6. The control limits of $T^{2}$ and SPE statistics are solved, the formula is as follows:

The control limits of $T^{2}$ is:

$$T_{p,N,\alpha }^{2} = \frac{{p\left( {N - 1} \right)}}{N - P}F_{\alpha } \left( {p,N - p} \right)$$

(29)

In the formula: N represents the number of input data points, and p represents the number of principal elements of KPCA.

The control limits of SPE is:

$$SPE_{Iim} = g\chi_{h}^{2}$$

(30)

In the formula: g and h are constant coefficients related to the mean and variance of SPE.

(b)
Online monitoring

1.
The real-time working condition data $x_{i}$ is collected, and the mapping matrix obtained by normalizing the normal working condition data is used to standardize the data $x_{i}$;
2.
The new kernel matrix $K_{i}$ is constructed and centrally processed.
3.
The nonlinear component $t_{i}$ is extracted in the feature space.
4.
The $T^{2}$ and SPE statistics of real-time operating condition data are calculated.
5.
The control limits of $T^{2}$ and SPE statistics are obtained. If both statistics exceed or only the SPE statistics exceed the control limit, the system detects the fault and enters it into the fault diagnosis. However, if it is otherwise, the operator needs further analysis to determine whether there is a fault.

5 Model building

Feature level fusion is to extract features from all patterns, combine them to form a long feature vector, and then feed the feature vector to MKL to perform the classification task.

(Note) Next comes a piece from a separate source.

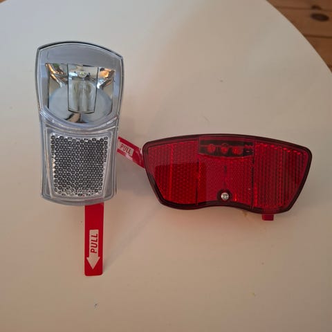 Helt nye cykel lygter, stadig i indpakning.

Multi-core model is a kind of core-based learning model with strong flexibility. Recently, theory and application have proved that using multi-core instead of single-core can achieve better classification results and can obtain better performance than single-core model or single-core machine combination model. The simplest and most commonly used method for constructing multi-core models is to consider the combination of multiple basic kernel functions. After proposing features from visual, text, and audio information, we input the features into the kernel space, extend MKL using interval constraints, and calculate its target cost function. According to the recognition ability of different base features, the weights of different base features are learned, and the gradient weighting method is used to update the feature weights. Moreover, the kernel is dimensionally normalized to maximize the maximum discriminative power of its basic features. The multi-core learning model based on interval dimension constraints proposed in this paper is shown in Fig. 4:

The latest developments in multi-core learning make it an attractive technology in the field of kernel machine learning. By merging multiple cores into a unified optimization framework, MKL strives to jointly learn the optimal combination of multi-core and related predictors in supervised or semi-supervised learning settings. It does not require single-core learning, and can meet the practical needs of heterogeneous information in sample features, irregular data in feature space, uneven data distribution, and large problem size. Due to the automatic adjustment of kernel parameters, various features of data representation are described in detail, so that multi-source and heterogeneous data sets are processed flexibly and stably. In addition, using multiple kernels can enhance the interpretability of the model and improve the generalization performance of the classifier. The latest research on multi-core learning shows that this method can effectively fuse multiple basic features in target detection and recognition. However, MKL tends to select only the most discriminatory basic features and ignore other less discriminatory basic features that may provide supplementary information. In addition, MKL usually uses Gaussian RBF kernels to transform each basic feature into a high-dimensional space. Generally, the basic characteristics of different modes require different kernel parameters to get the best performance. Therefore, MKL may not be able to utilize the maximum discriminative power of all basic features from multiple modes simultaneously.In order to solve these problems, we propose a multi-core learning MDMKL method based on interval dimension constraints. This method extends MKL with interval constraints and applies dimension normalized RBF kernel to multimodal feature fusion. Moreover, the proposed MDMKL method learns the weights of different base features based on their recognition capabilities. Unlike traditional MKL, when constructing the optimal combination kernel, MDMKL merges and discriminates basic features by allocating smaller weights, so as to take full advantage of the complementary features of different modes.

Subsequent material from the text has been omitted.